● DATA EXTRACT:
++++++++

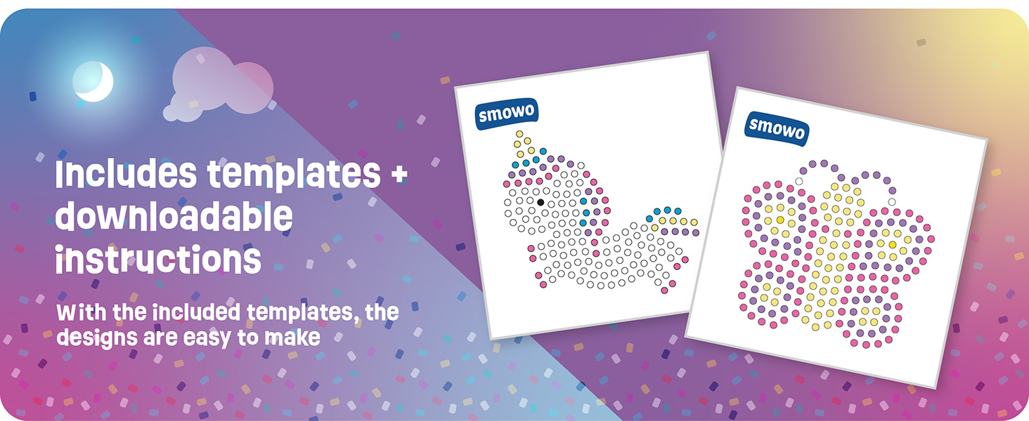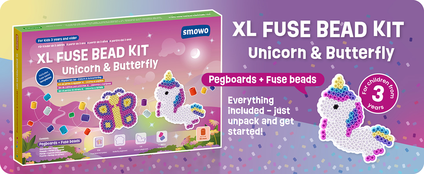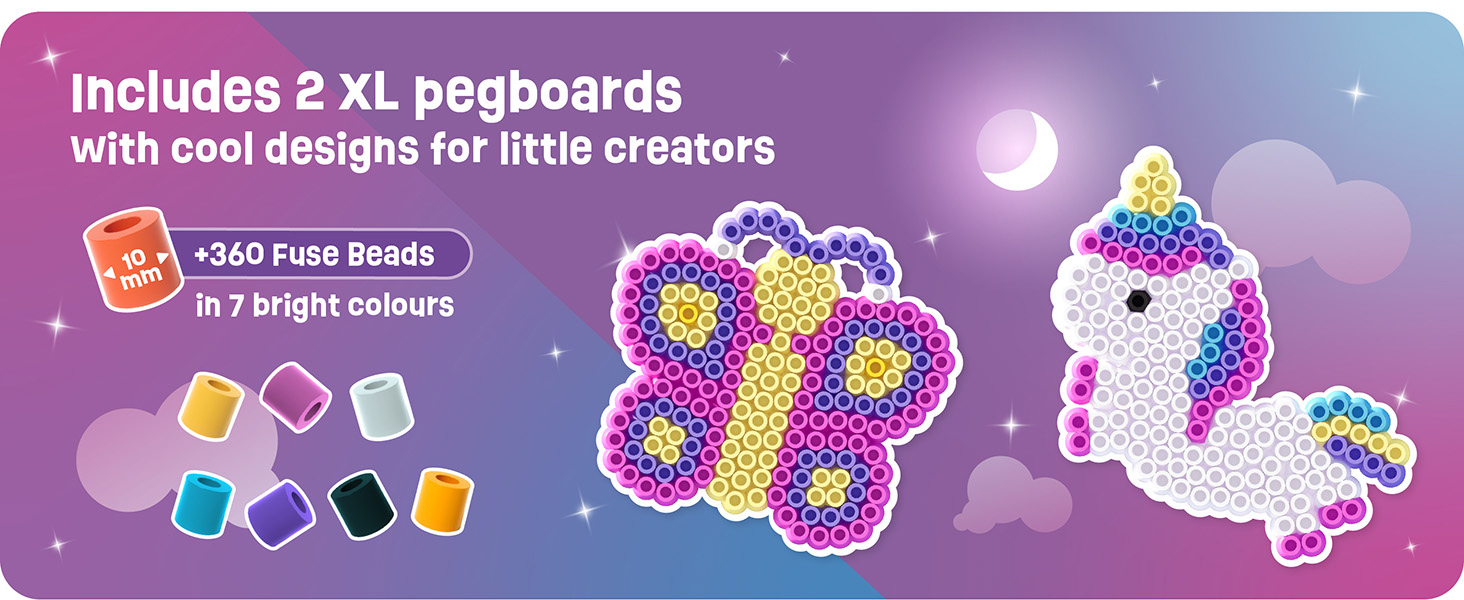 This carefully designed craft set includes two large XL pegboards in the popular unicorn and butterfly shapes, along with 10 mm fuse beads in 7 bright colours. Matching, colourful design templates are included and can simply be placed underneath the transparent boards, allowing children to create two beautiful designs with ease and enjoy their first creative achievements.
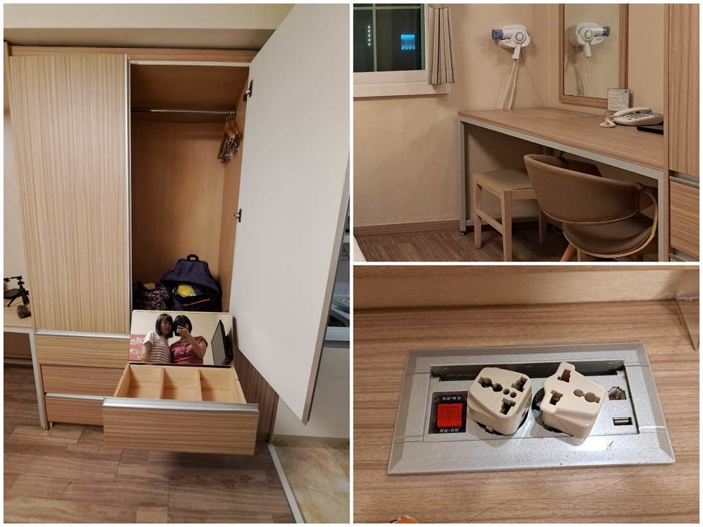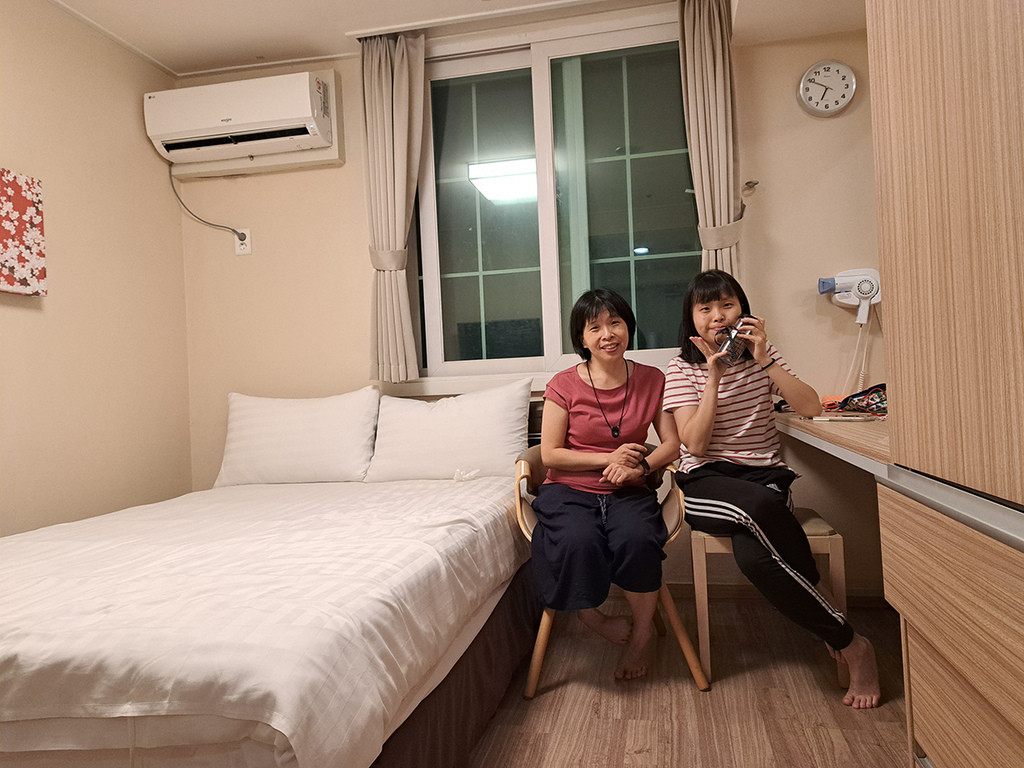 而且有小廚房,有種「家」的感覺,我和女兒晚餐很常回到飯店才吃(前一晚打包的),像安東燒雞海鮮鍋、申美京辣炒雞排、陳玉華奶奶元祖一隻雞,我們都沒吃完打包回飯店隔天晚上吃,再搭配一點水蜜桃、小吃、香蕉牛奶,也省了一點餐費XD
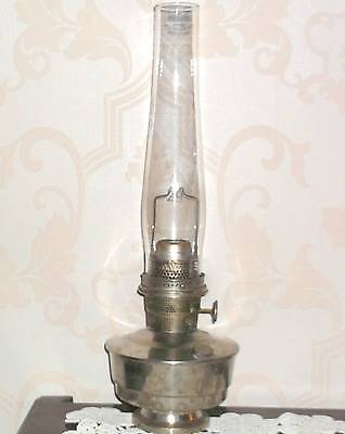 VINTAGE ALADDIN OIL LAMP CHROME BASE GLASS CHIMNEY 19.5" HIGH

++++++++

● TASK DETAILS: Transcribe exactly, and without any pictures, each line from the one that holds "而且有小廚房,有種「家」的感" through the final line of the material above.

● RESULT:
 而且有小廚房,有種「家」的感覺,我和女兒晚餐很常回到飯店才吃(前一晚打包的),像安東燒雞海鮮鍋、申美京辣炒雞排、陳玉華奶奶元祖一隻雞,我們都沒吃完打包回飯店隔天晚上吃,再搭配一點水蜜桃、小吃、香蕉牛奶,也省了一點餐費XD
 VINTAGE ALADDIN OIL LAMP CHROME BASE GLASS CHIMNEY 19.5" HIGH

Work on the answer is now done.